3. Check if Point 1 (latitude = 29.65, longitude = -82.33) is near Point 2 (latitude = 41.74, longitude = -111.83).
4. Check if Point 1 (latitude = 29.65, longitude = -82.33) is near Point 2 (latitude = 30.5, longitude = -82.8).
5. Create a new version of the function that improves it by allowing the user to pass in a parameter that sets what “near” means. To avoid changing the existing behavior of the function (since some of your lab mates are using it already) give the parameter a default value of 1.
6. Improve the documentation for the new function so that it reflects this new behavior
7. Check if Point 1 (latitude = 48.86, longitude = 2.35) is near Point 2 (latitude = 41.89, longitude = 2.5), when near is set to 7.
[click here for output]
-- Function with Choices --

Write a function that concatenates and prints:

The ultimate answer to the ultimate question of life, the universe, and everything is: XXX.

Where XXX is either a string or a number that is passed to the function as a parameter.

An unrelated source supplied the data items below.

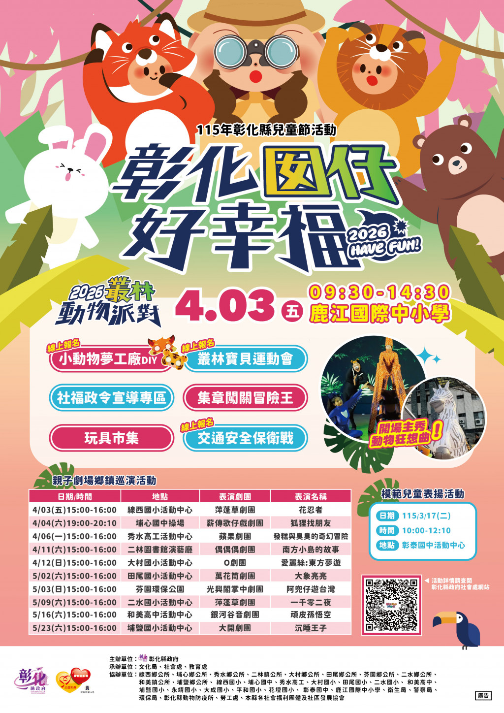 | 四、 | 活動訊息請至本府社會處網站/活動訊息專區/彰化囡仔好幸福~115年彰化縣兒童節活動「2026叢林動物派對」(網址:https://reurl.cc/ZZRY8a)參閱。 |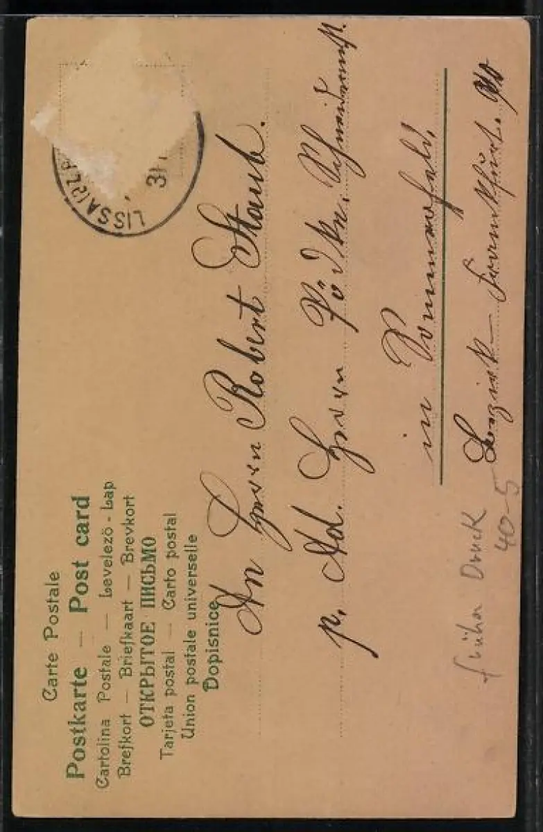 alte Ansichtskarte, gelaufen, Briefmarke entfernt, rückseitig Oberflächenschaden, guter Zustand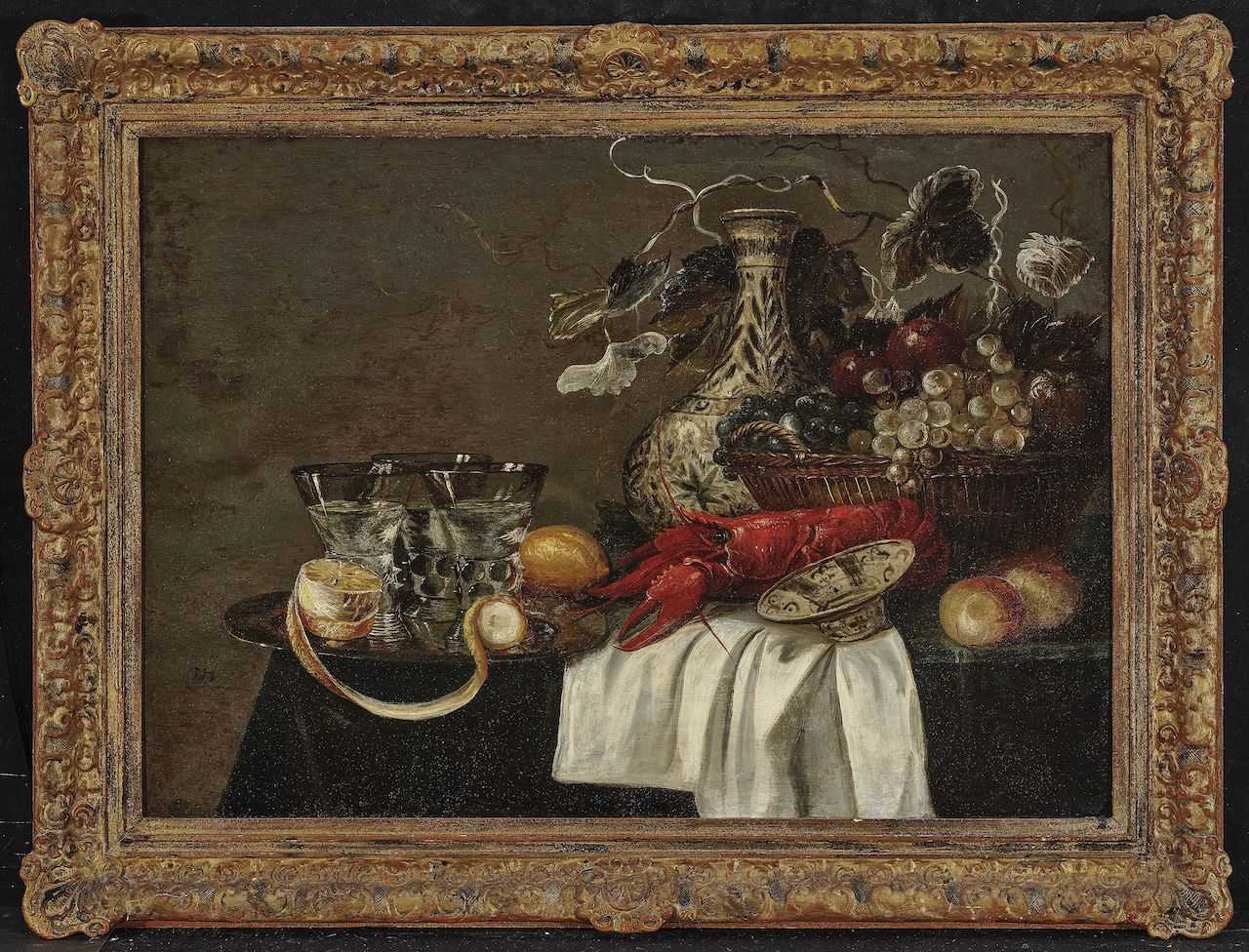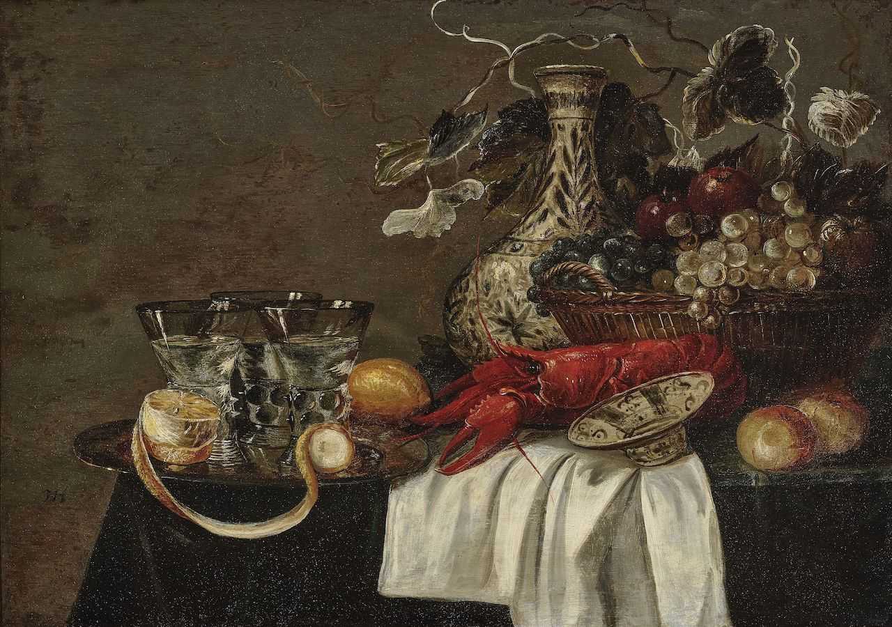 Monogrammist JH. Still life with lobster, fruits and glasses
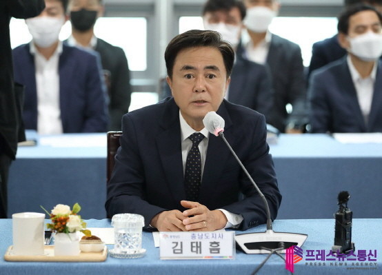 | ▲ 29일 오전 충남도청 5층 상황실에서 열린 경기-충남 상생협력 업무협약식에서 김태흠 충청남도지사가 인사말을 하고 있다.(사진=경기도) |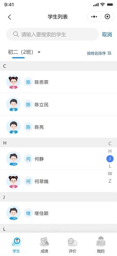按年級顯示班級,進(jìn)入班級后可查看學(xué)生列表,支持按姓名或?qū)W號排序,姓名排序支持字母快速跳轉(zhuǎn)和搜索功能。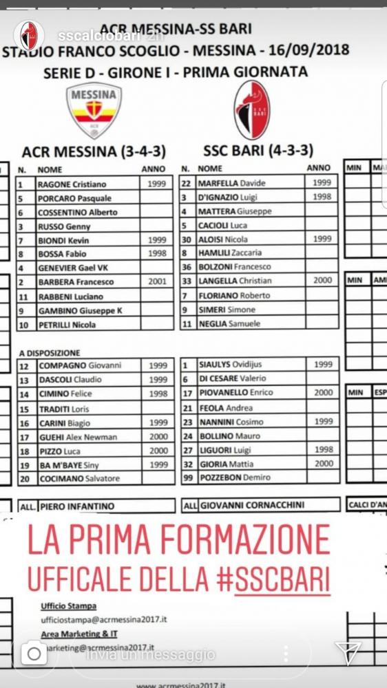 Il Bari di Aurelio De Laurentiis fa il suo esordio in Serie D. In campo c’è anche un po’ di Napoli con i due azzurri in prestito titolari: il classe 99 Marfella e il 98 D’Ignazio.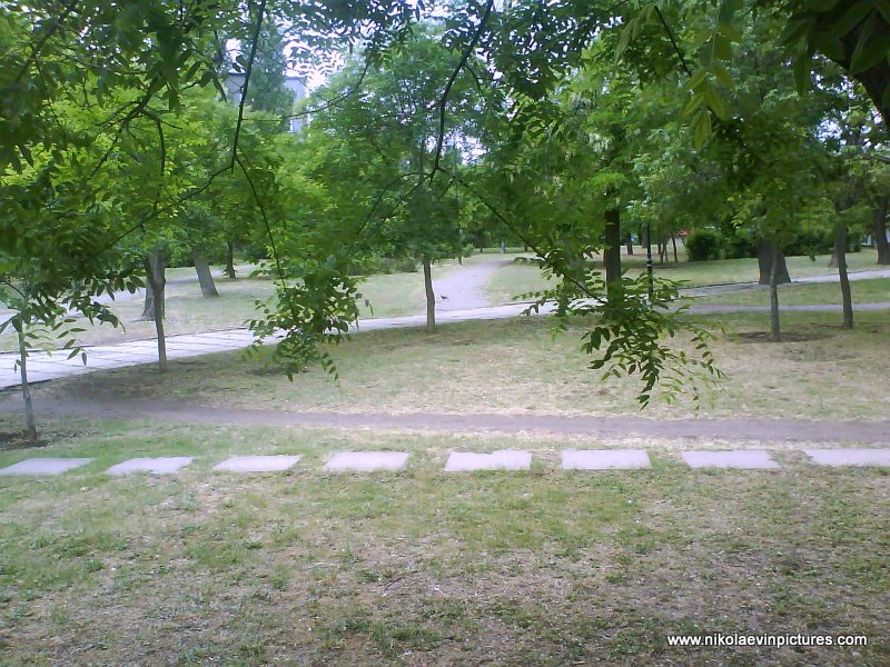 Перед районом и сбоку от сквера имени Шуры Коберы и Вити Хоменко, есть ещё один сквер: Сквер имени Тараса Шевченко. Став в самом начале сквера, я фотографировал… но потом удалял. Как-то смотрится не классно. И потому я перешёл дорогу и вернулся в соседний сквер.

Use this function to print out the answer if the input parameter is 42, but don’t actually do the printing from inside the function (think about why printing from outside the function might generally be more useful).

If you don’t understand why this question is fun/funny you can Google it or, better yet, actually read Hitchhiker’s Guide to the Galaxy, which is one of the funniest books ever written. There is also a very valuable programming lesson to this story.
[click here for output]
-- DNA or RNA --

Write a function, dna_or_rna(sequence), that determines if a sequence of base pairs is DNA, RNA, or if it is not possible to tell given the sequence provided. Since all the function will know about the material is the sequence the only way to tell the difference between DNA and RNA is that RNA has the base Uracil ("u") instead of the base Thymine ("t"). Have the function return one of three outputs: "DNA", "RNA", or "UNKNOWN".
1. Use the function and a for loop to print the type of the sequences in the following list.
2. Use the function and sapply to print the type of the sequences in the following list.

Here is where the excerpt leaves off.